Обожди, друг-товарищ, ты еще не знаешь, какое будущее твоей профессии готовят твои приятели с шестого этажа, разумеется, в содружестве с самой передовой наукой! Как общей, так и, понятно, специальной.
Вот сделаем запаховый локатор, и придется тебе, друг мой, переквалифицироваться. Будем мы тогда неспешно катить тележку, набитую электроникой, по следу. Стрелка направо — отклонился, стрелка налево — тоже, стоит на нуле — значит, вот он, наш след. И, выражаясь научно, «поведенческая субъективная реакция собаки», которой не чужды всякие не относящиеся к делу интересы, как-то пробежавшая кошка, уроненный в снег кусочек колбасы или, не дай бог, чужая собака, оставившая свою волнующую отметку, сменится точной, опирающейся на веские формулы реакцией прибора.
Уже есть умельцы, вживляющие электроды во вкусовой рецептор комара. Дело для нас интереснейшее. Есть в нем свои тонкости, понятные разве что биологу-анатому, — никак не удается вживить электрод в рецептор запаховый, рвет тончайший электрод еще более тонкие нейроны. Но путь верный.
Такие вот дела, дорогой товарищ проводник служебно-розыскной собаки. Придет время, приедем мы на место происшествия, втянем в пробирку немного воздуха, отсеем лишнее и пойдем по следу. Нам хватит всего двух молекул вещества на кубометр воздуха. И поскольку каждый человек пахнет по-своему, наш прибор ошибаться не будет. Пока это подтверждает собака — спасибо ей.
А лохматые служебные псы будут ходить с нами по воскресеньям на прогулки и заниматься не сыском, а своими личными делами. Вот так-то…

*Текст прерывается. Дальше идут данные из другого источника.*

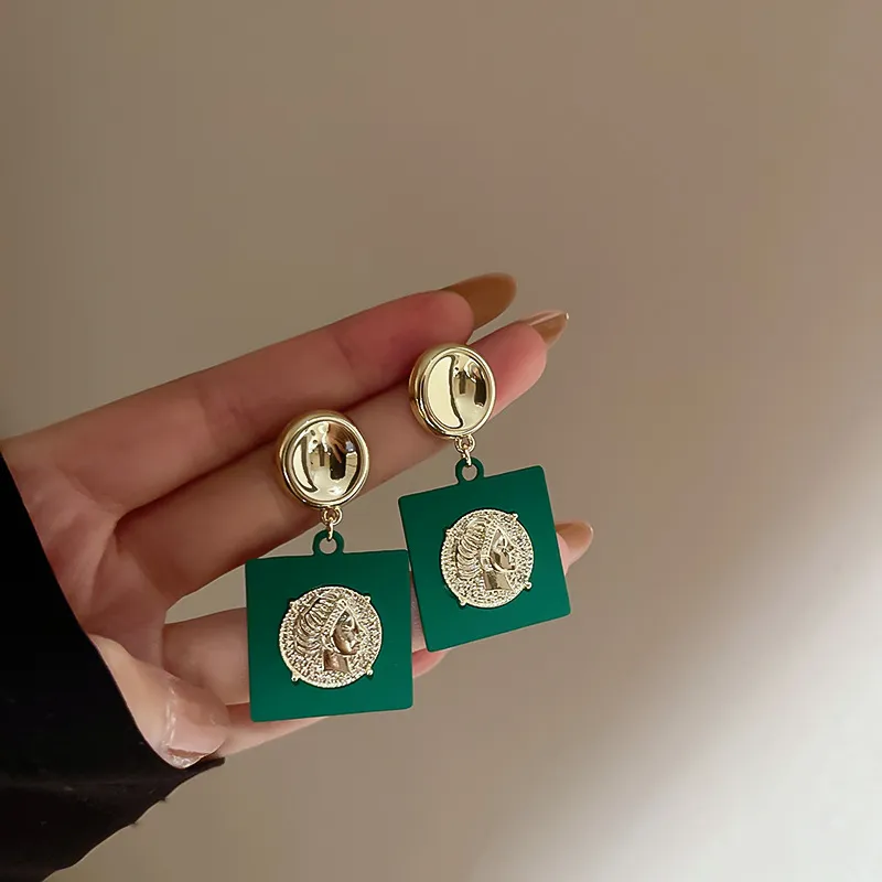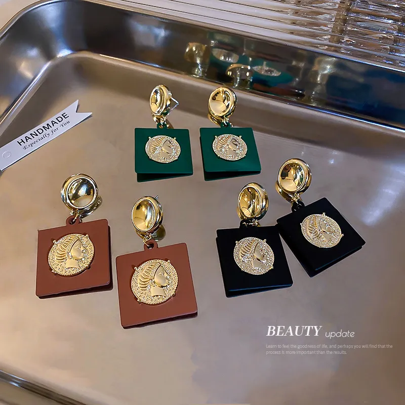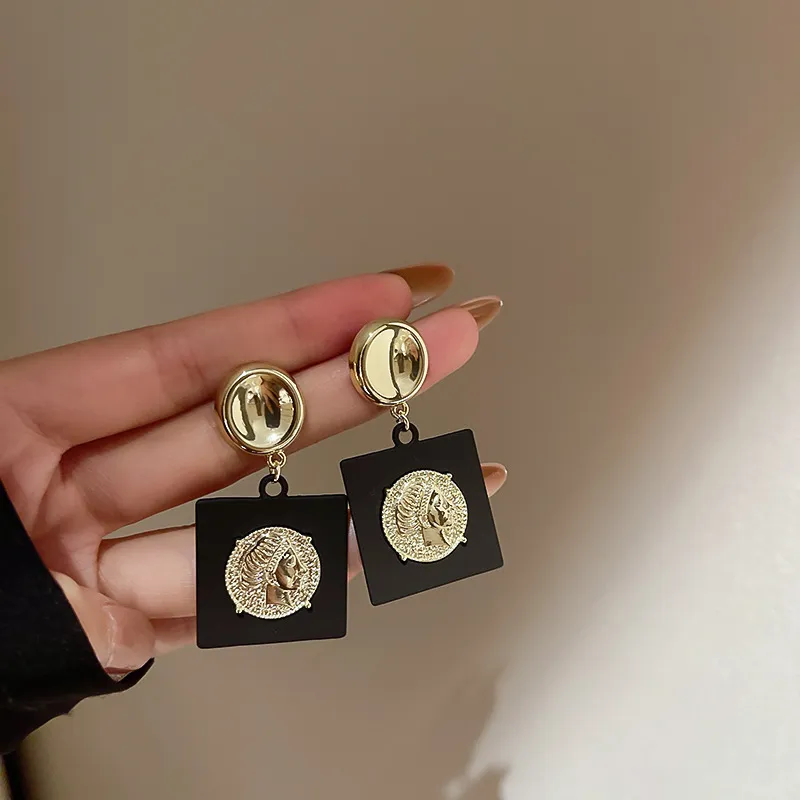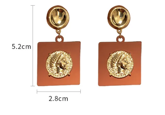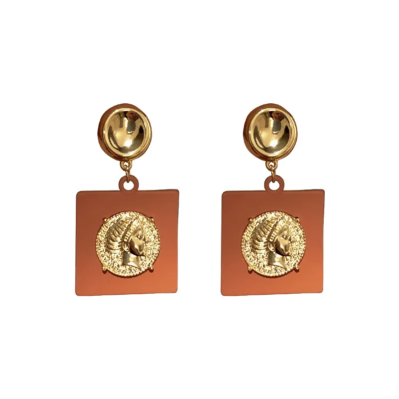 Metal Portrait Square Earrings Niche Ideas

Резкий толчок прерывает плавное течение мысли. Приехали.
3
Грубая, нахальная работа. Снег под окнами фотоателье истоптан, но уже и издали видно, что кое-какие следы можно взять. Видно, что ночной посетитель не очень боялся шума. Здесь же, под окнами, в снегу валяется большая, в полметра, металлическая буква, вероятно деталь оформления. Ею-то преступник и выбил окно. Причем то ли перепутал окна, то ли просто не знал внутреннего расположения фотоателье, но первый удар, видимо, пришелся в окно фотолаборатории, прочно заделанное изнутри листами текстолита. Потом только со звоном разлетелось второе окно.
На всякий случай, потому что знаю, бесполезно, пересматриваю на солнце осколки стекла. Следов, конечно, нет. Да и откуда бы им взяться? Ночь была холодной, этот «кто-то» наверняка был в перчатках, стекла бил не рукой, однако проверить все-таки не мешает. И я не торопясь так и этак верчу осколки стекла, подставляя их под яркое весеннее солнце.